Гуляем мы так второй день. Я верхом на мерина сесть не в состоянии. Иду пешком домой с песней веселой на губе. А мерина подхлестнул, он впереди меня побежал, брякая недоуздком. Умная лошадь, чего нельзя оказать про нас с Андрюхой. Вот какие комедии устраивали!..
Кряхтя и поругивая свою старость, Афоня медленно поднялся. Взял косу, стряхнул с поношенного пиджака приставшие травинки, протянул на прощание мне руку.
– Благодарю за угощение и беседу. Вспомянули старое. Редко так бывает, – сказал он. – Сорок годов не видались… Побродишь тут по совхозным деревням, мимо моей избы пойдешь, обязательно прошу ко мне. Обещанное будет сделано. Петуха для тебя зарежу.
75. В СОЛДАТАХ…
(Вечерний рассказ бывшего нижнего воинского чина, моего соседа Алексея Турки.)

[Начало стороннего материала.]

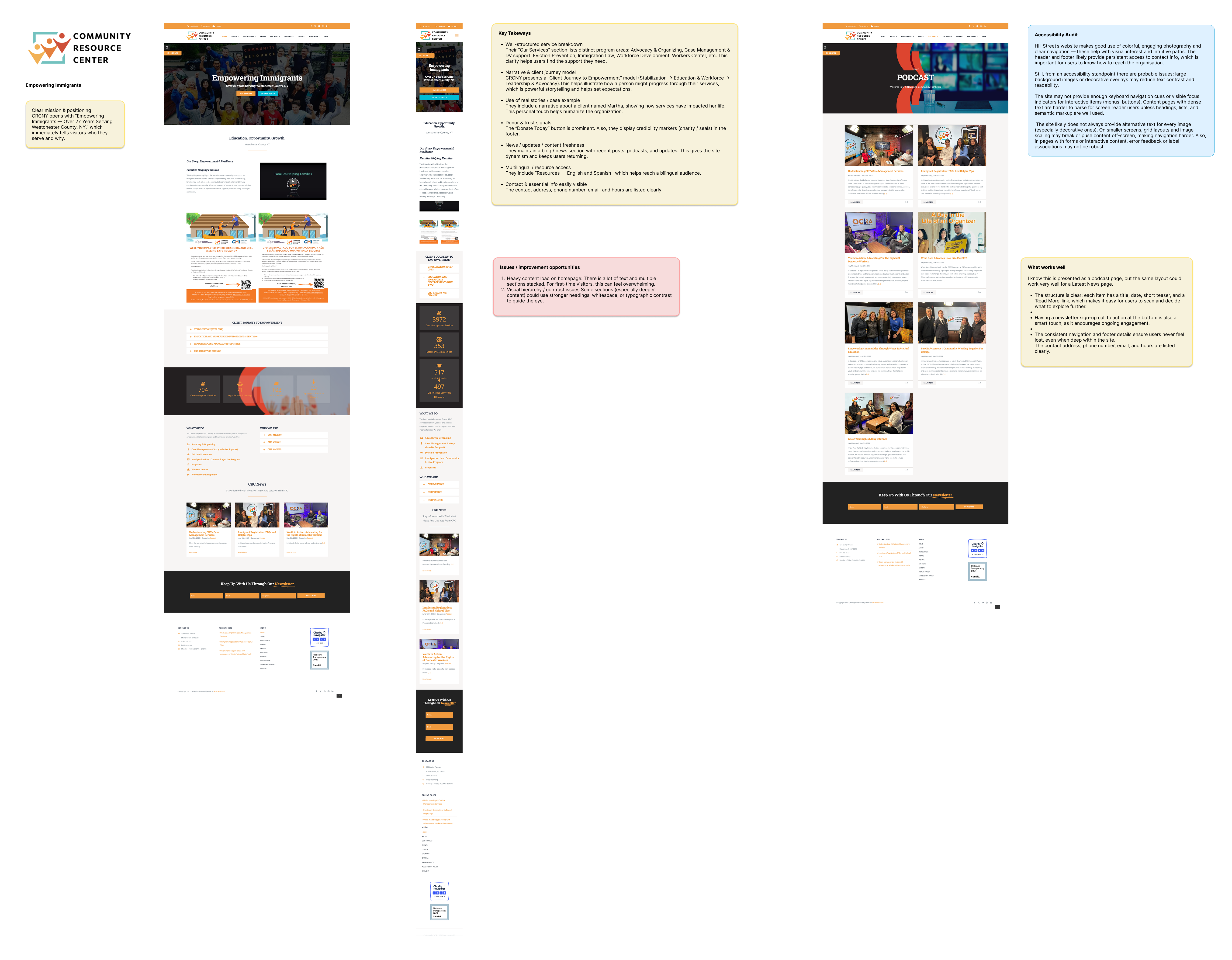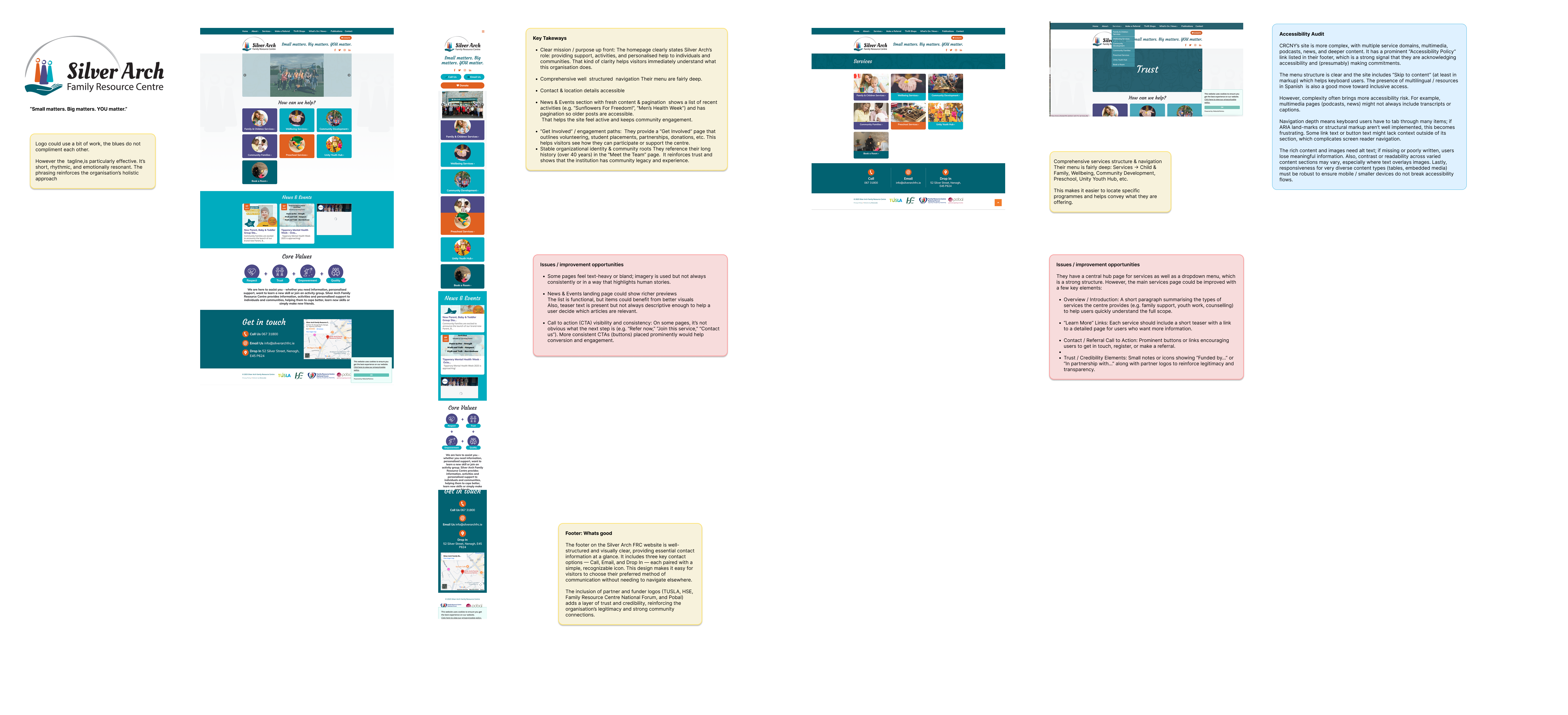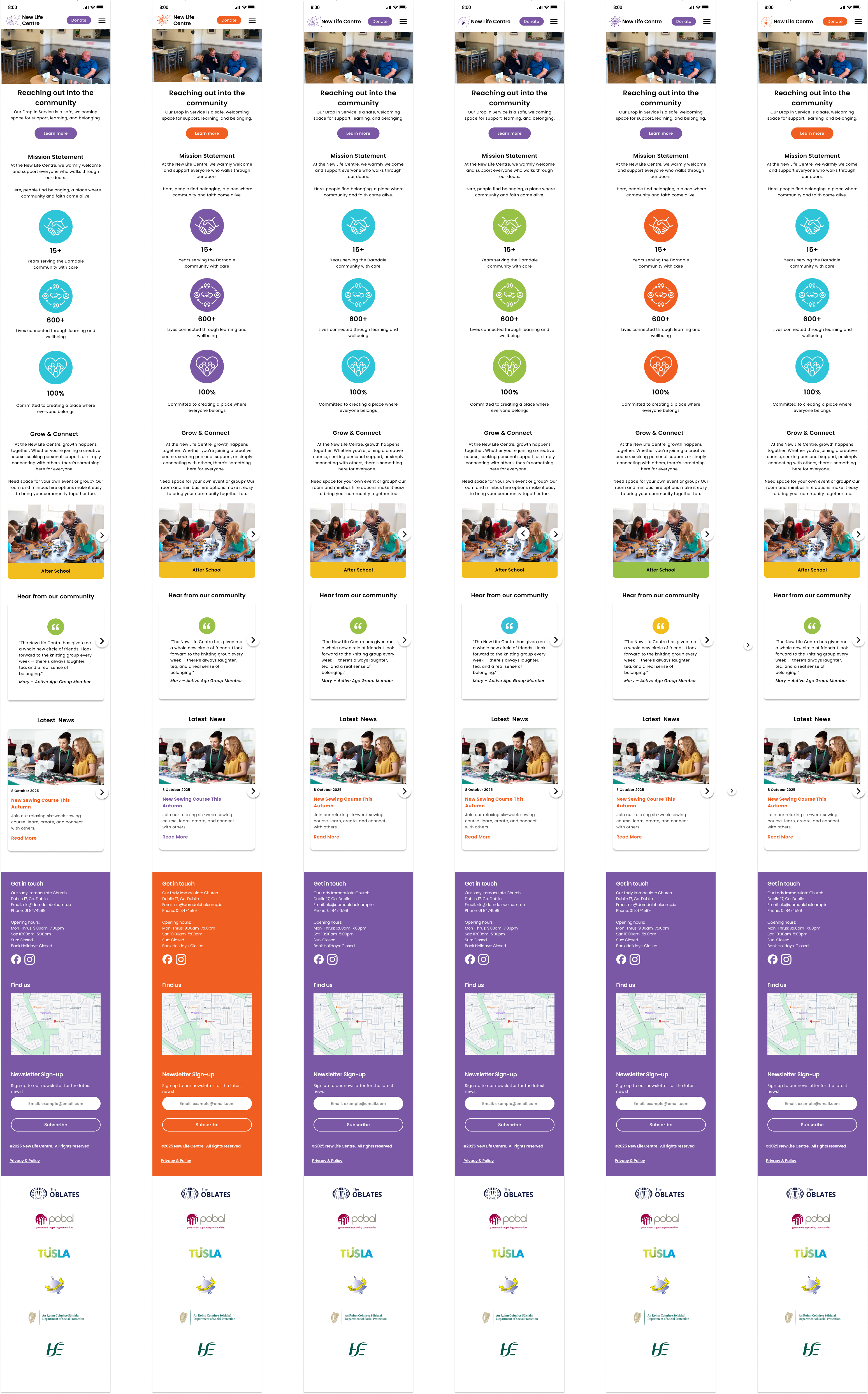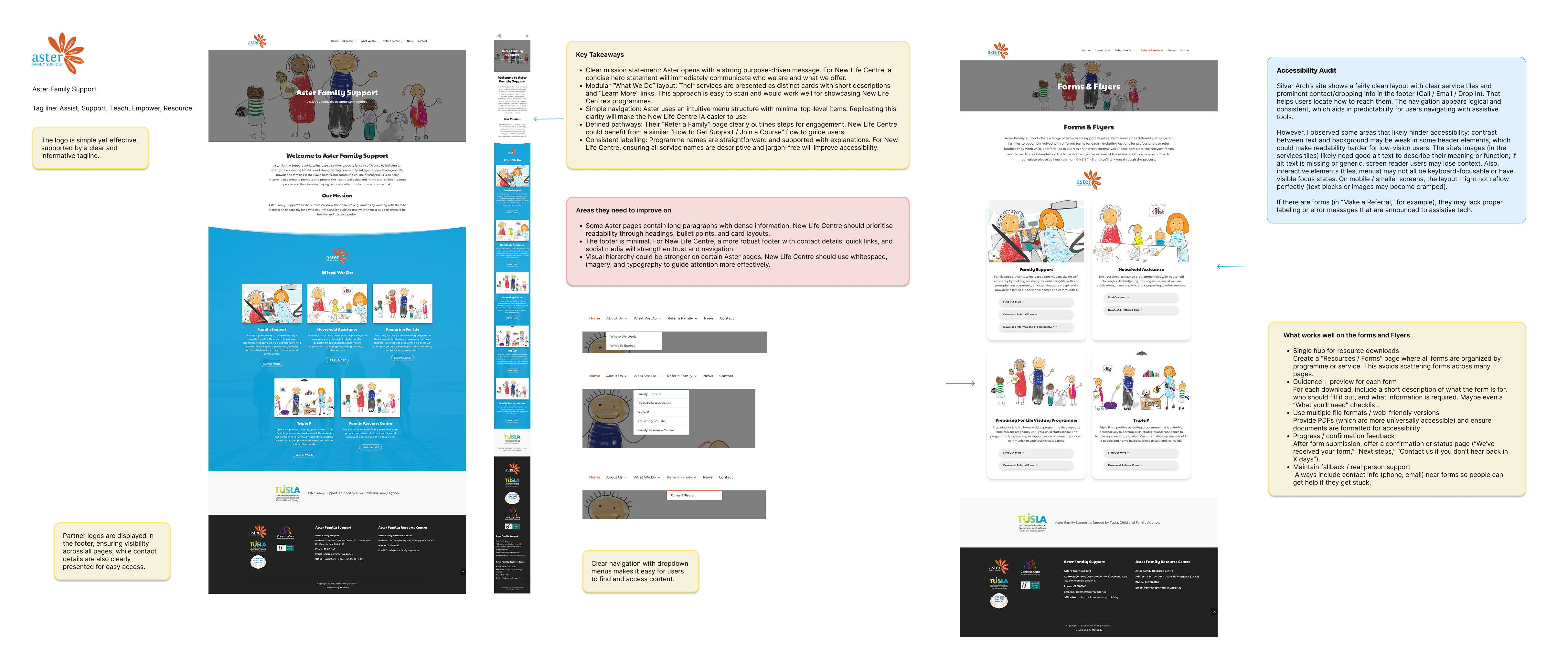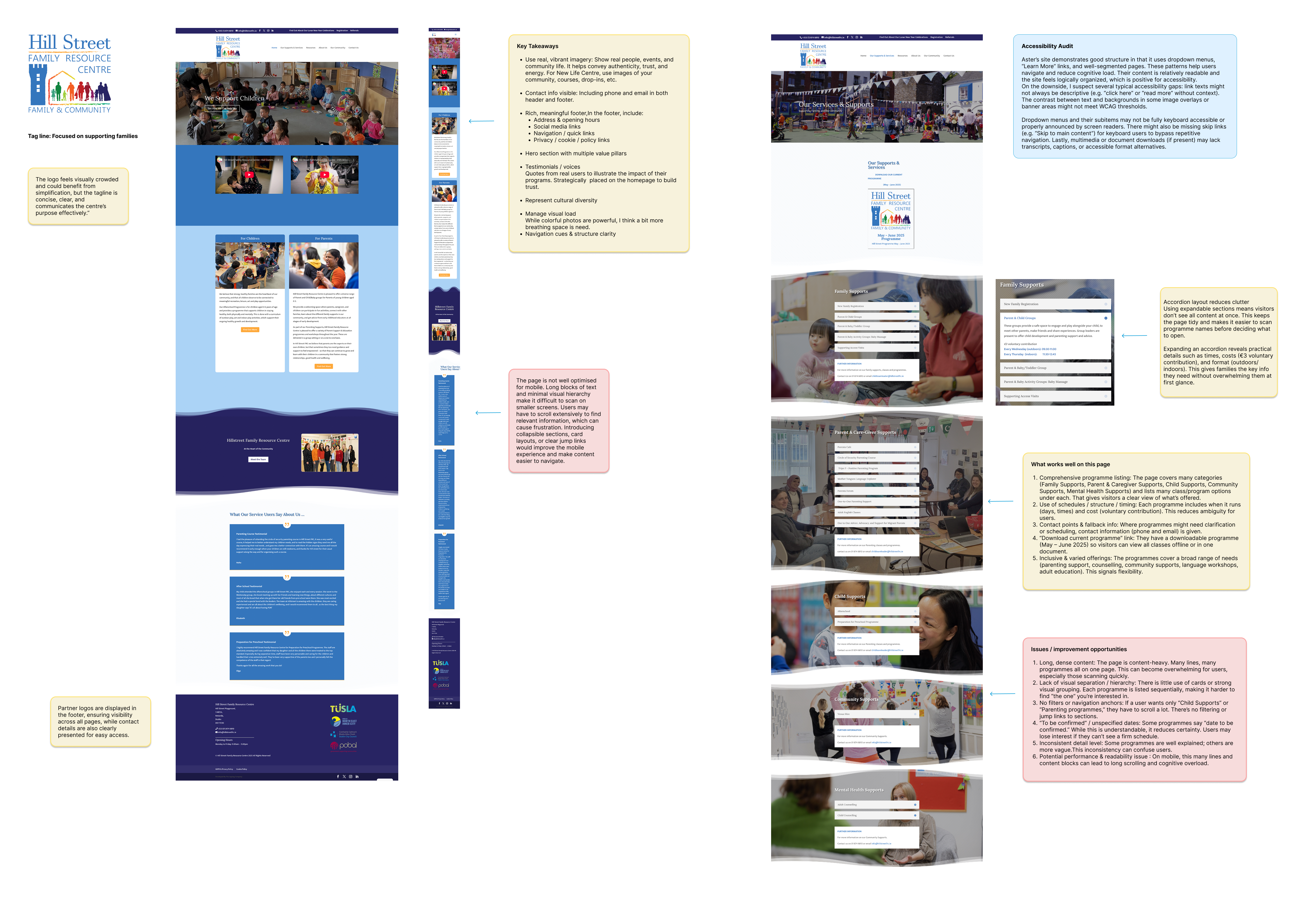 Market research was conducted to evaluate the design, structure, and accessibility of existing community centre websites in Ireland, the UK, and the US. The goal was to identify best practices and common pain points that could inform the redevelopment of the New Life Centre website. Four organisations were selected for detailed analysis, Aster Family Support, Hill Street Family Resource Centre, Silver Arch Family Resource Centre, and the Community Resource Center (New York). Each site was reviewed for layout clarity, navigation flow, accessibility, and content presentation. The findings helped highlight what works well in community-focused design such as clear pathways, inclusive visuals, and strong calls to action — while also uncovering common issues like text-heavy layouts, limited mobile optimisation, and inconsistent accessibility features. These insights directly shaped the new design direction for the New Life Centre, ensuring it meets both community needs and modern usability standards

– ЖИЛИ-БЫЛИ мы, два брата: я, Алеха Турка (по фамилии Паничев), и Николаха, по прозвищу Бердо. Жили в захолустной Попихе, однако поблизости от бойкого торгового села Устье-Кубенского. Были мы оба погодки, не курили табаку, не пили водки, потому как было не на что. Бердо на годок меня постарше, но корпусом пожиже, росточком пониже, и если схватимся бороться, то раз-два – и он у меня под ногами. Хрипит и еле дышит. А попетушиться любил. Повздорить со мной – о чем угодно. Я говорю – черное, он говорит – белое. Я говорю – шитое, он говорит – стёганое, я говорю – меховое, он говорит – мохнатое, так и далее, и тому похожее. Лежим мы одноважды в потемках на полатях (карасину в лампе не было), лежим и всурьез спорим о том, кому интерес больше в жизни – бревну или дереву? Я за бревно, Бёрдо-Николаха за дерево. Если говорить по-нынешнему, так это, можно сказать, диспутаница с пренией. Спорили мы, спорили и разошлись в убеждениях на все сто процентов в разные стороны.
Он говорит:
– Деревом лучше быть, стой себе на корню, расти-цвети, радуйся всю долгую жизнь. А жизнь у деревьев разная. Одне и триста лет с гаком на одном месте простоят, а другие и поменьше, а все-таки живут. И солнце их опекает, и дождик их омывает и поливает, и земля подкармливает. Оттого и живет дерево, зимой от мороза потрескивает, летом листочками шепчется, значит, по-своему разговаривает… Иногда птички сядут на веточки, своим весельем потешат. Не унывай, дерево!..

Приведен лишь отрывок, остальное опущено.